Background: Lung lobe segmentation is required to assess lobar function with nuclear imaging before surgical interventions. We evaluated the performance of open-source deep learning-based lung lobe segmentation tools, compared to a similar nnU-Net model trained on a smaller but more representative clinical dataset.

Materials and methods: We collated and semi-automatically segmented an internal dataset of 164 computed tomography scans and classified them for task difficulty as easy, moderate, or hard. The performance of three open-source models-multi-organ objective segmentation (MOOSE), TotalSegmentator, and LungMask-was assessed using Dice similarity coefficient (DSC), robust Hausdorff distance (rHd95), and normalized surface distance (NSD). Additionally, we trained, validated, and tested an nnU-Net model using our local dataset and compared its performance with that of the other software on the test subset. All models were evaluated for generalizability using an external competition (LOLA11, n = 55).

Results: TotalSegmentator outperformed MOOSE in DSC and NSD across all difficulty levels (p < 0.001), but not in rHd95 (p = 1.000). MOOSE and TotalSegmentator surpassed LungMask across metrics and difficulty classes (p < 0.001). Our model exceeded all other models on the internal dataset (n = 33) in all metrics, across all difficulty classes (p < 0.001), and on the external dataset. Missing lobes were correctly identified only by our model and LungMask in 3 and 1 of 7 cases, respectively.

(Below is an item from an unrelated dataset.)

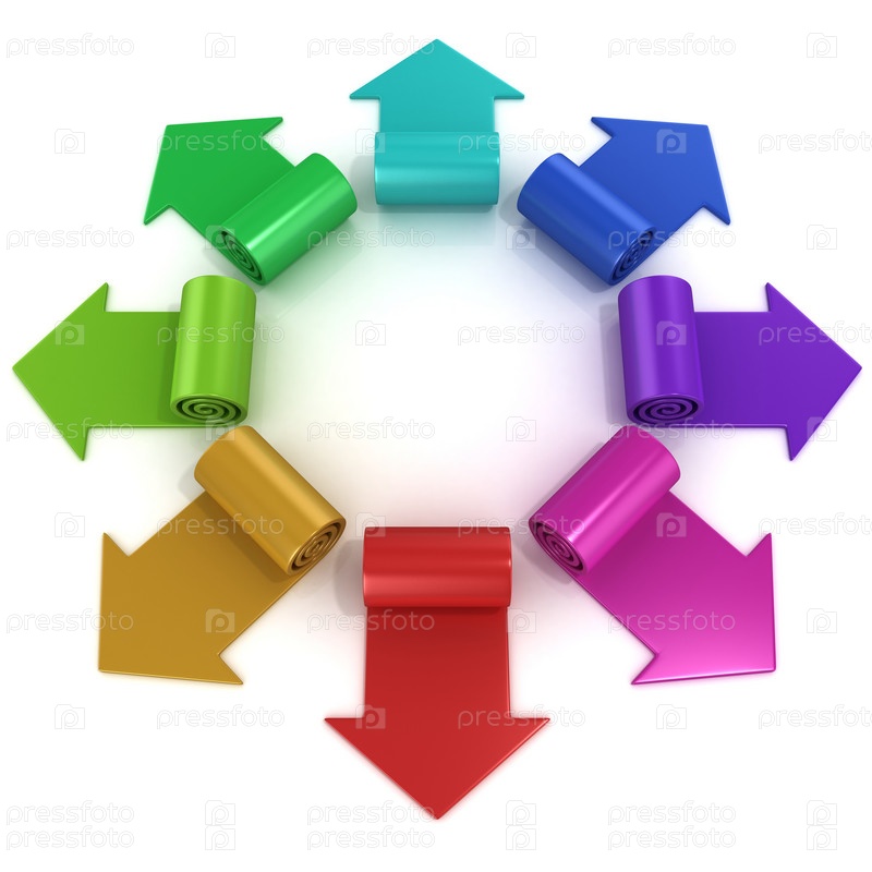 Радужные спиральные стрелки направлены от центра

Conclusion: Open-source segmentation tools perform well in straightforward cases but struggle in unfamiliar, complex cases. Training on diverse, specialized datasets can improve generalizability, emphasizing representative data over sheer quantity.

Relevance statement: Training lung lobe segmentation models on a local variety of cases improves accuracy, thus enhancing presurgical planning, ventilation-perfusion analysis, and disease localization, potentially impacting treatment decisions and patient outcomes in respiratory and thoracic care.

Key points: Deep learning models trained on non-specialized datasets struggle with complex lung anomalies, yet their real-world limitations are insufficiently assessed. Training an identical model on a smaller yet clinically diverse and representative cohort improved performance in challenging cases. Data diversity outweighs the quantity in deep learning-based segmentation models. Accurate lung lobe segmentation may enhance presurgical assessment of lung lobar ventilation and perfusion function, optimizing clinical decision-making and patient outcomes.

查看原文本刊更多论文

肺叶分割：与本地内部模型相比，开源MOOSE、TotalSegmentator和LungMask模型的性能。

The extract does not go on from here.